If the present case involved any question as to the authority or duty of the railroad company to deduct anything from the interest paid on its scrip, bonds, or certificates of indebtedness, when held by non-residents of Pennsylvania, the case of State Tax on Foreign-held Bonds would be decisive against the State. But no such question is here presented. The statute of 1885 only applies to scrip, bonds, or certificates of indebtedness issued to and held by residents of Pennsylvania.
Counsel for the State insisted that the present case is controlled by Bell's Gap Railroad Co. v.
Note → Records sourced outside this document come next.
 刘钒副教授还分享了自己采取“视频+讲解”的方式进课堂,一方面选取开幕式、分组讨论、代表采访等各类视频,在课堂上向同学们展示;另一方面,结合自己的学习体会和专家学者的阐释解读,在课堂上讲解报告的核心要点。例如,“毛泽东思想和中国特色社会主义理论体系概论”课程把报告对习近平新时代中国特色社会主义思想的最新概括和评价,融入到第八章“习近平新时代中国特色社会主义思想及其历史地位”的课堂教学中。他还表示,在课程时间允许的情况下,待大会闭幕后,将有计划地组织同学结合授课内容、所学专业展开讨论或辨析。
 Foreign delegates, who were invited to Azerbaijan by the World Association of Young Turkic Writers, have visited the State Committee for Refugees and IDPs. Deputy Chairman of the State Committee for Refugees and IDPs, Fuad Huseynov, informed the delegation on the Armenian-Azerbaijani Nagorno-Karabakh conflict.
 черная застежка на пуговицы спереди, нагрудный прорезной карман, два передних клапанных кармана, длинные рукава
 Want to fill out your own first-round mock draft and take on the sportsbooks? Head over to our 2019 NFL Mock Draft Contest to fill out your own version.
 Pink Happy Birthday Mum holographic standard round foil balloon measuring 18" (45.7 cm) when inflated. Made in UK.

Pennsylvania, 134 U.S. 232, reaffirmed in Jennings v. Coal Ridge Improvement and Coal Co., 147 U.S. 147. It is only necessary to observe that the corporations which complained in those cases of the tax assessed, under a Pennsylvania statute, upon their loans held by residents of Pennsylvania, were Pennsylvania corporations. No question arose in either of those cases as to the authority of Pennsylvania to make a corporation of another State an assessor or collector of taxes assessed by or under the authority of Pennsylvania against residents of Pennsylvania. Nor does the case now before us involve any question as to the extent to which the State may tax property within its limits belonging to the railroad company.
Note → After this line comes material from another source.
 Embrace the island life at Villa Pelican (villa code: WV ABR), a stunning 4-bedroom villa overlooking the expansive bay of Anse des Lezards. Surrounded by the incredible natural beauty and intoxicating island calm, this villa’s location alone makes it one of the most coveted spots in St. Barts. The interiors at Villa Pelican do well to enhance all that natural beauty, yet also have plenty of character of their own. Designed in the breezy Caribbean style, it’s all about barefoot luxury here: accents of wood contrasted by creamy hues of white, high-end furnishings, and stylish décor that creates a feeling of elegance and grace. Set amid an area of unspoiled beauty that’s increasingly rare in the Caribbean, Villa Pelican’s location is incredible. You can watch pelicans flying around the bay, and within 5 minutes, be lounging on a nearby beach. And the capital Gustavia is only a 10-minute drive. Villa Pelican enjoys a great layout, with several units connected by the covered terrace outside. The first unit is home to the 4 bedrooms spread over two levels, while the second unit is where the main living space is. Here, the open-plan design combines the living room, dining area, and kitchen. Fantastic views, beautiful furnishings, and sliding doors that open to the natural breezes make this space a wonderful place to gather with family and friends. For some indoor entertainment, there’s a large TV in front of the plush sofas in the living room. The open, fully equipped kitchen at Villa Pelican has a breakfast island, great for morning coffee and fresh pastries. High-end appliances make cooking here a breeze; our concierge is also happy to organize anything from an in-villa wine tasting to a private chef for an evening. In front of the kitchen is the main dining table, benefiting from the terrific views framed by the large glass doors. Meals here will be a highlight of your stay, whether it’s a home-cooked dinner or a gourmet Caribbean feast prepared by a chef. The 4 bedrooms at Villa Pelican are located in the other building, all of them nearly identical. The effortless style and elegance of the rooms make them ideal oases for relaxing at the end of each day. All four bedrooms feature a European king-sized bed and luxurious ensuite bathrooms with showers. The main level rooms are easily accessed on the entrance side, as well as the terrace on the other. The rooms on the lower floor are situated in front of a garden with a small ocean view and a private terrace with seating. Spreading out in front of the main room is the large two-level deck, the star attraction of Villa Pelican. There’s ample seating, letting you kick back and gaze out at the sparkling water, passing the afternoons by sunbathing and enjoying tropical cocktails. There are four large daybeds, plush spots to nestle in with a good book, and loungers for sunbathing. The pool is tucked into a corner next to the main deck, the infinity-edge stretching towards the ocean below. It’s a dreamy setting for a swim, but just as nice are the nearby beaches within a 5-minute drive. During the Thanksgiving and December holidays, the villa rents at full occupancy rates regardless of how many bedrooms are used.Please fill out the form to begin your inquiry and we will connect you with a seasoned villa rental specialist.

The views we have expressed are sufficient for the disposition of the case, without considering other grounds upon which, it is contended, the judgment below was erroneous.
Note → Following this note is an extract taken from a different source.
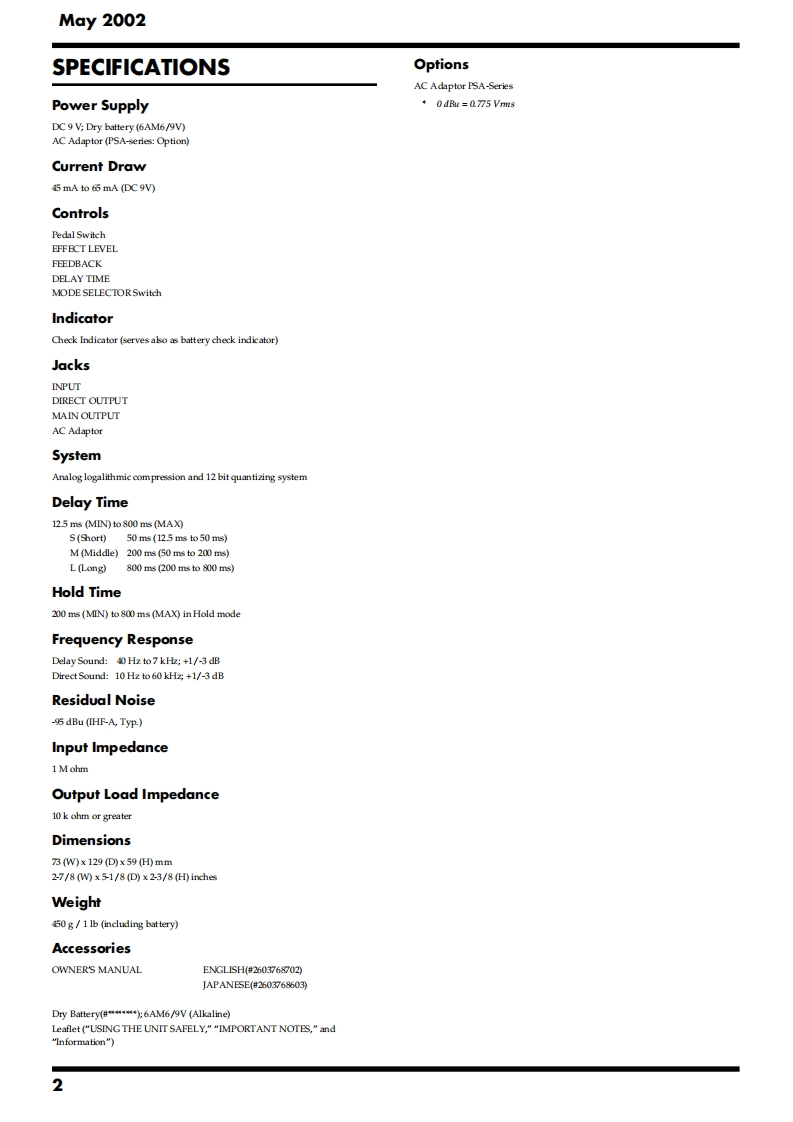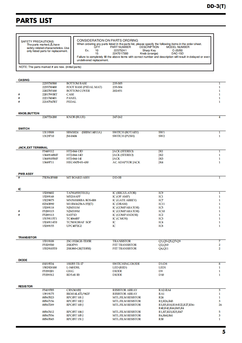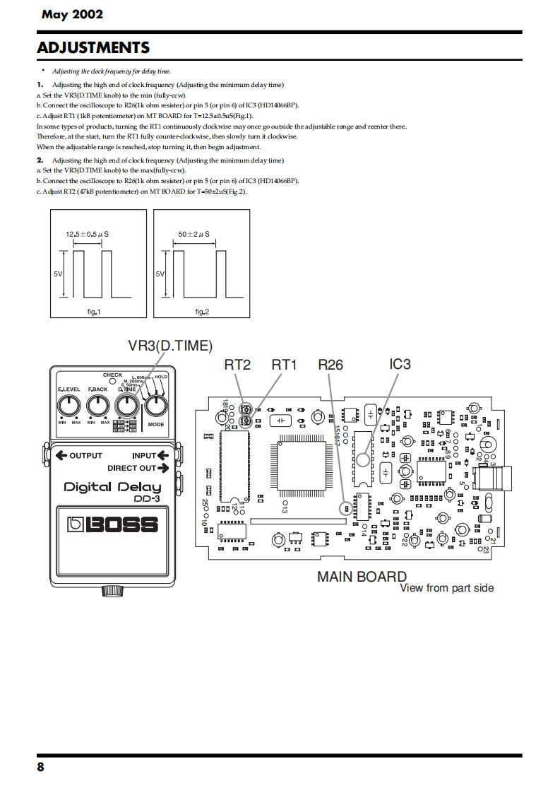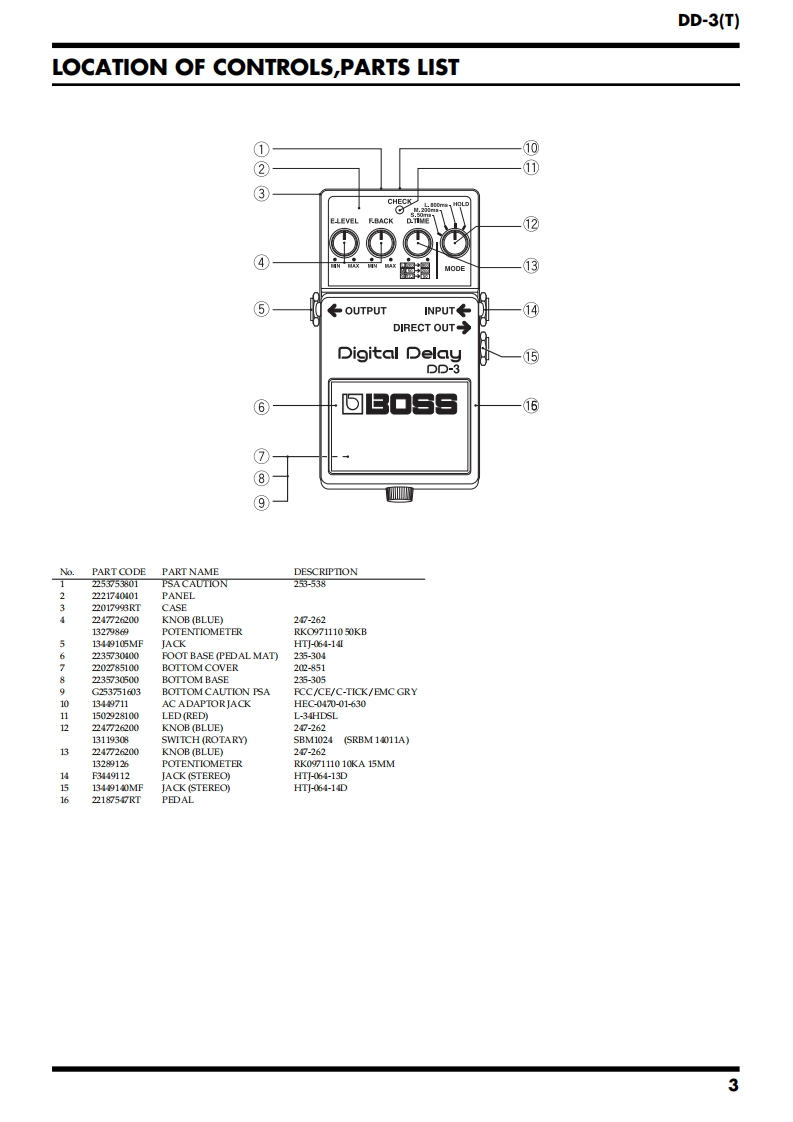 May 2002DD-3(T)回E▣68PP-3DSERVICE NOTESThird EditionDigital DelayIssued by RJASPECIFICATIONS......2LOCATION OF CONTROLS,PARTS LIST.....3EXPLODED VIEWPARTS LIST..4PARTSADJUSTMENTS....8CIRCUIT BOARD......9CIRCUIT DIAGRAM...10WARNINGThere are three types of DD-3(T)with different circuitry called "DD-3","DD-CHECK3Aand "DD-3B".The pedals of all three types are labeled "DD-3".L800ms、H0LD●We call the new type of this model,DD-3B for identifying the old type andE.LEVEL F.BACKD.TIMEnew type for convenience on service system.Check the model name as follows.Of the three types,only the appearance of the "DD-3"is different.Identify the"DD-3"or the "DD-3A or DD-3B"by the shape of the adapter jack as shown in●●●the following figure.Theappearance of the"DD-3A"and the"DD-3B"are the same.Due to aMN MAX MIN MAX哥MODEDRAM change,it has been changed to "DD-3B"from serial No.SO91200 of1912LOT (produced in August 2001).It can be identified by the serial numberThe"DD-3A"and "DD-3B"can also be identified by the silk-screen printingon the board.←OUTPUTINPUT←When referring to the service notes or ordering parts,check the model nameusing the above process.DIRECT OUTThis service note is for the "DD-3B".Refer to "DD-3A SER VICE NOTES"(#17059557)when repairing the DD-3A.Variable resistor,switch andmechanical parts for the "DD-3A"and "DD-3B"are compatible.Refer to "DD-2/3 SER VICE NOTES"(#17059183)when repairing the DD-3.Digital DelayDD-3回口⑤E▣SDD-3A or DD-3BDD-3Copyright 2002 ROLAND CORPORATIONAll rights reserved.No part of this publication may be reproduced in any form without the written permissionof ROLAND CORPORATION.Roland17059557E3Printed in Japan(0800)(AS)

The judgment of the Supreme Court of Pennsylvania is reversed, and the cause is remanded for further proceedings not inconsistent with this opinion.
The case of NEW YORK, LAKE ERIE, AND WESTERN RAILROAD COMPANY v. COMMONWEALTH OF PENNSYLVANIA, No. 75, and that of NEW YORK, LAKE ERIE, AND WESTERN RAILROAD COMPANY v. COMMONWEALTH OF PENNSYLVANIA, No. 79, each upon writ of error to the Supreme Court of Pennsylvania, involved the same questions as were presented and have been determined in the above case. For the reasons stated, the judgment in No. 75 and the judgment in No. 79 are each reversed, and those cases are remanded for further proceedings not inconsistent with the opinion in case No. 591.